* _GIVEN MATERIAL_
>>

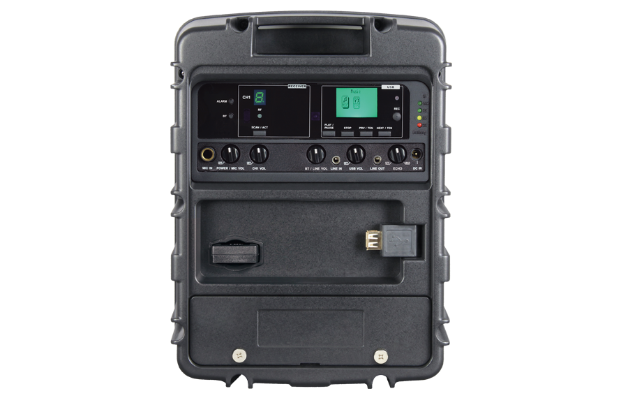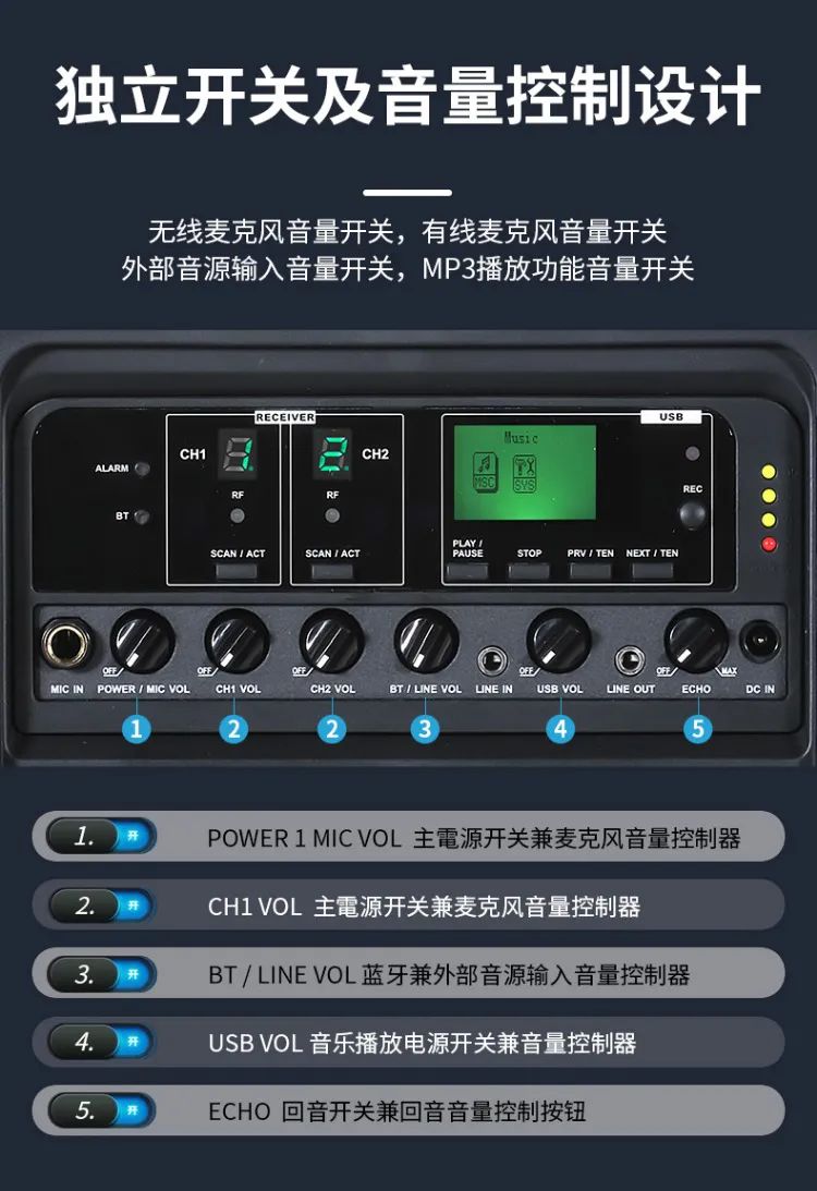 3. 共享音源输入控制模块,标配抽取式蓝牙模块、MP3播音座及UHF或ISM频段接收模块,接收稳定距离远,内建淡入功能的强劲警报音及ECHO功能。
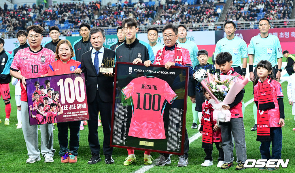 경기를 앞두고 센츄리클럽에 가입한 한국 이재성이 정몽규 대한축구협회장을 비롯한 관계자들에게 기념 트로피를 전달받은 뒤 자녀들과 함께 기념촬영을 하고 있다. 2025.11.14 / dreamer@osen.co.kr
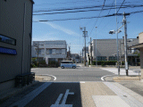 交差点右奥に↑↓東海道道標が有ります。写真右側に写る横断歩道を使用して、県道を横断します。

<<

Would you output the listing above verbatim, without its pictures?

 3. 共享音源输入控制模块,标配抽取式蓝牙模块、MP3播音座及UHF或ISM频段接收模块,接收稳定距离远,内建淡入功能的强劲警报音及ECHO功能。
 경기를 앞두고 센츄리클럽에 가입한 한국 이재성이 정몽규 대한축구협회장을 비롯한 관계자들에게 기념 트로피를 전달받은 뒤 자녀들과 함께 기념촬영을 하고 있다. 2025.11.14 / dreamer@osen.co.kr
 交差点右奥に↑↓東海道道標が有ります。写真右側に写る横断歩道を使用して、県道を横断します。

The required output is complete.